À l’issue de ce délai ou avant cette date en cas de retour à meilleure fortune notable quelle qu’en soit la cause, Madame [K] devra reprendre contact avec la commission si nécessaire pour poursuite de la procédure et traitement de l’endettement.
En outre, et aux termes de l’article L711-4 du code de la consommation, dans sa rédaction issue de la loi n°2021-1900 du 30 décembre 2021, "sauf accord du créancier, sont exclues de toute remise, de tout rééchelonnement ou effacement :
1° Les dettes alimentaires ;
2° Les réparations pécuniaires allouées aux victimes dans le cadre d’une condamnation pénale;
3° Les dettes ayant pour origine des manœuvres frauduleuses commises au préjudice des organismes de protection sociale énumérés à l’article L. 114-12 du code de la sécurité sociale;
4° Les dettes fiscales dont les droits dus ont été sanctionnés par les majorations non rémissibles mentionnées au II de l’article 1756 du code général des impôts et les dettes dues en application de l’article 1745 du même code et de l’article L. 267 du livre des procédures fiscales ;
L’origine frauduleuse de la dette est établie soit par une décision de justice, soit par une sanction prononcée par un organisme de sécurité sociale dans les conditions prévues aux articles L. 114-17 et L. 114-17-1 du code de la sécurité sociale.

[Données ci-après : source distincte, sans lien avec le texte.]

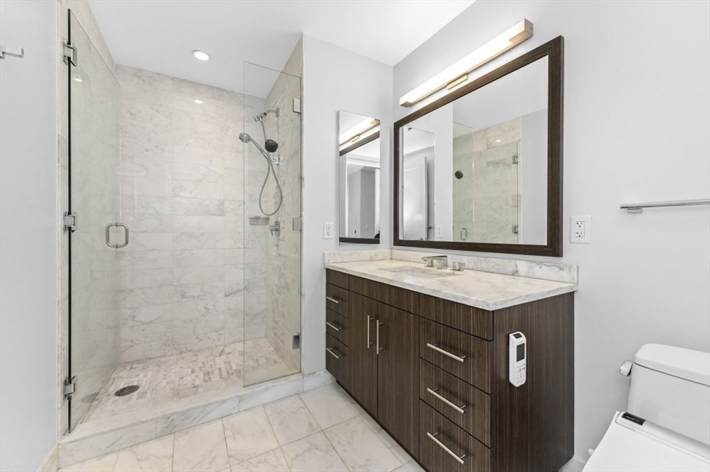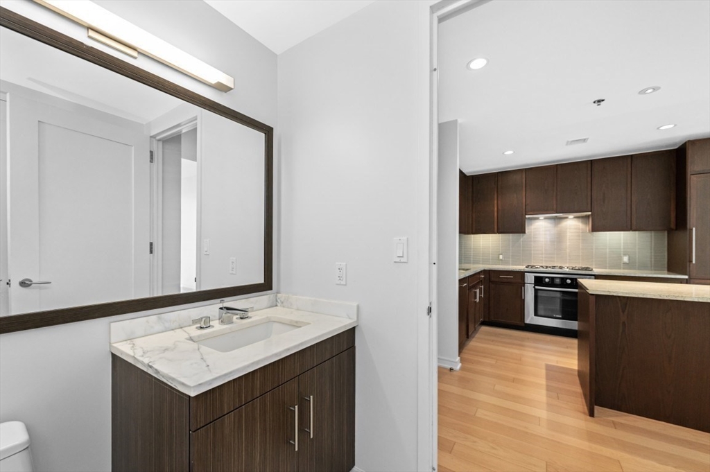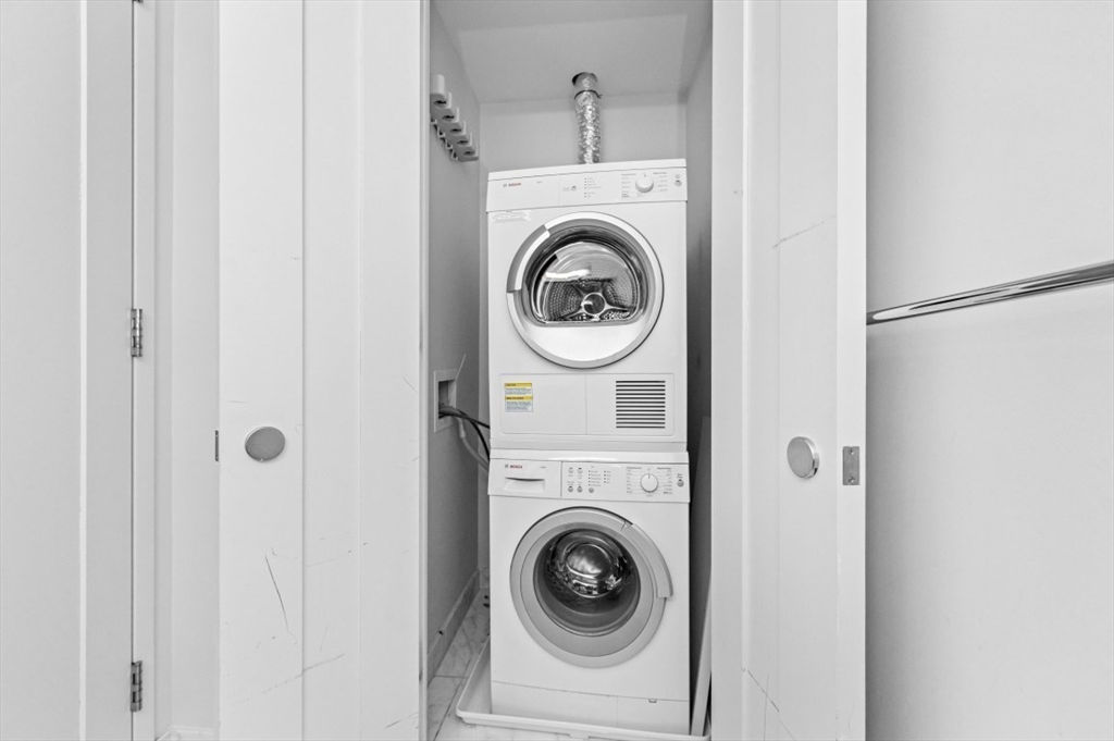Available immediately - A spacious 1 Bedroom, 1.5 Bathroom with modern open layout and views overlooking Washington Street. This 8th floor location provides a 10 foot ceiling height making it feel even more spacious. Features include a custom kitchen with gas cooking, hardwood floors in the living room, primary bath with white marble, and an in-unit laundry. Millennium Place is one of Boston's premier downtown, full service-buildings including 24 hour concierge and doorman services, access to a private club, a bar/lounge area and a beautifully cultivated garden. Other amenities include a fitness center with Pilates/Yoga/Massage studios.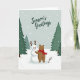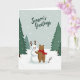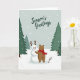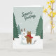 At the top, the words "Season's Greetings" are beautifully written elegantly. A twig on the snow adds a natural touch. The color scheme mixes cool blues and greens with the bear's warm brown and red scarf, making a festive color combination. This card is perfect for spreading holiday cheer! 🎅🏼🎄🎁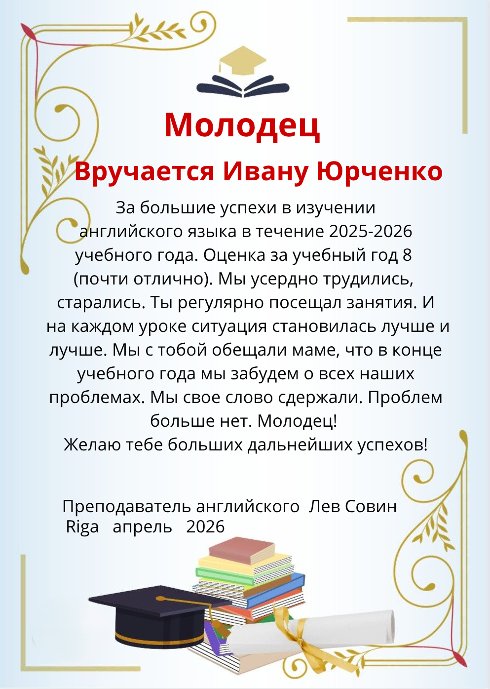 Молодец! Наградной лист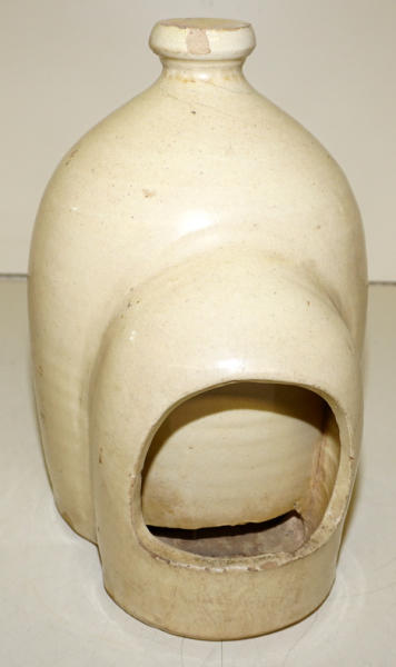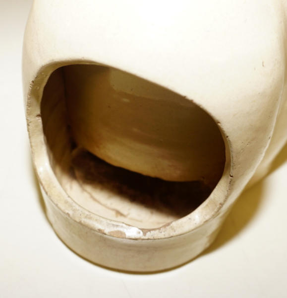 about 11" tall, has a chip on the top and around the openings, no makers mark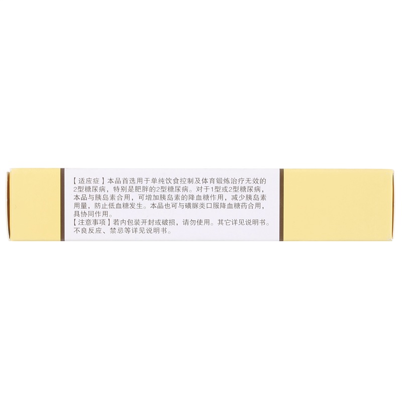 【适应症/功能主治】 1.本品首选用于单纯饮食控制及体育锻炼治疗无效的2 型糖尿病,特别是肥胖的2型糖尿病。 2.对于1型A2型糖尿病,本品与胰岛素合用,可增加胰岛素的降血糖作用,减少胰岛素用量,防止低血糖发生。 3.本品也可与磺酰脲类口服降血糖药合用,具协同作用。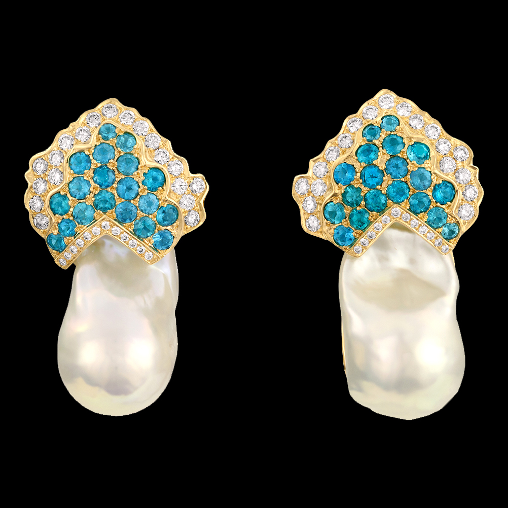 18K yellow gold earrings with Pearl, Diamond and Apatite.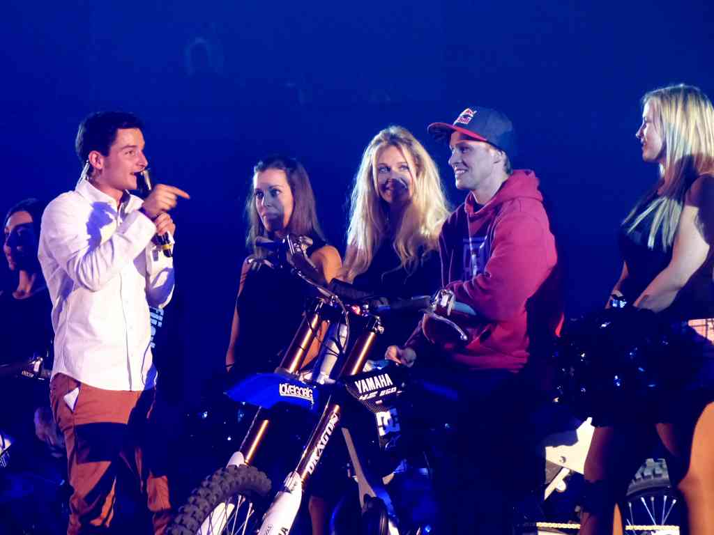Le programme de la soirée était simple : 2 manches pour les SX2 (les jeunes) et deux ½ finales et la finale pour la catégorie des SX1 (les moins jeunes). Le tout agrémenté des shows des 3 meilleurs freestylers du moment : les frères Pagès et l’australien Clinton Moore.

Les amendes prononcées dans le cadre d’une condamnation pénale sont exclues de toute remise et de tout rééchelonnement ou effacement".
PAR CES MOTIFS
Le juge des contentieux de la protection, statuant après débats en audience publique, par jugement réputé contradictoire et en premier ressort, mis à la disposition du public par le greffe,
ORDONNE la jonction des procédures enregistrées sous les numéros de RG 25/00081 et 25/00092 sous le numéro unique 25/00081 ;
DÉCLARE les recours du [10] consumer finance et de Monsieur [R] [C], agissant en qualité d’héritier de Madame [L] recevables en la forme ;
ORDONNE la suspension de l’exigibilité de ces créances pour une durée de deux années à compter du présent jugement ;
DIT que, pendant ce délai, les créances ne porteront pas intérêt ;
DIT qu’en cas de retour à meilleure fortune ou à l’issue de ce délai la débitrice devra reprendre contact avec la commission pour éventuelle poursuite de la procédure et traitement du reliquat de l’endettement ;
RAPPELLE que les créanciers ne peuvent exercer de procédures d’exécution à l’encontre des biens des débiteurs pendant la durée d’exécution de ces mesures imposées ;
RAPPELLE que les dispositions du présent jugement se substituent à tous les accords antérieurs qui ont pu être conclus entre Madame [Z] [K] et les créanciers ;
RAPPELLE que Madame [Z] [K] sera déchue du bénéfice de la présente procédure si elle aggrave son endettement sans l’accord des créanciers ou du juge chargé du surendettement ;
RAPPELLE que le présent jugement est immédiatement exécutoire ;
LAISSE les frais et dépens à la charge de l’État ;
DIT que le présent jugement sera notifié par lettre recommandée avec avis de réception à chacune des parties et par lettre simple à la commission.
En foi de quoi le présent jugement a été signé par le juge des contentieux de la protection et le greffier.